Nel frattempo, però, arrivano le prime misure sui turisti. Controlli che scattano dopo che il primo focolaio è già scoppiato: undici siciliani tornati a Canicattini Bagni, in provincia di Siracusa, da Malta hanno infatti contratto la malattia. Oggi, però, si sono anche registrati 64 casi positivi all’interno dell’hotspot di Pozzallo, dove però i migranti sono contenuti e non rischiano di contagiare il resto della popolazione.

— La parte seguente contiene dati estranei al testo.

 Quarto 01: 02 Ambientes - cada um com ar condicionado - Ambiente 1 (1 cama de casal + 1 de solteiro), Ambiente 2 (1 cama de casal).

Proprio su quest’ultimo tasto batte però il governatore. Che mentre i tecnici di Palazzo d’Orléans lavorano ancora sui dettagli dell’ordinanza che Musumeci firmerà fa sapere di aver parlato con Lamorgese: “Il governatore siciliano – informano da Palazzo d’Orléans – ha rappresentato la gravità della situazione dei migranti nell’Isola, ribadendo la netta contrarietà alla realizzazione di qualsiasi tendopoli e la soluzione, da sempre proposta, di navi in rada per la quarantena e di rinforzi con i militari dell’esercito. Per l’una e l’altra proposta il ministro ha assicurato di stare già provvedendo in queste ore”. Intanto, però, arrivano le prime misure sui turisti. Gli unici che fino a questo momento hanno materialmente contagiato i siciliani. (Larepubblica.it)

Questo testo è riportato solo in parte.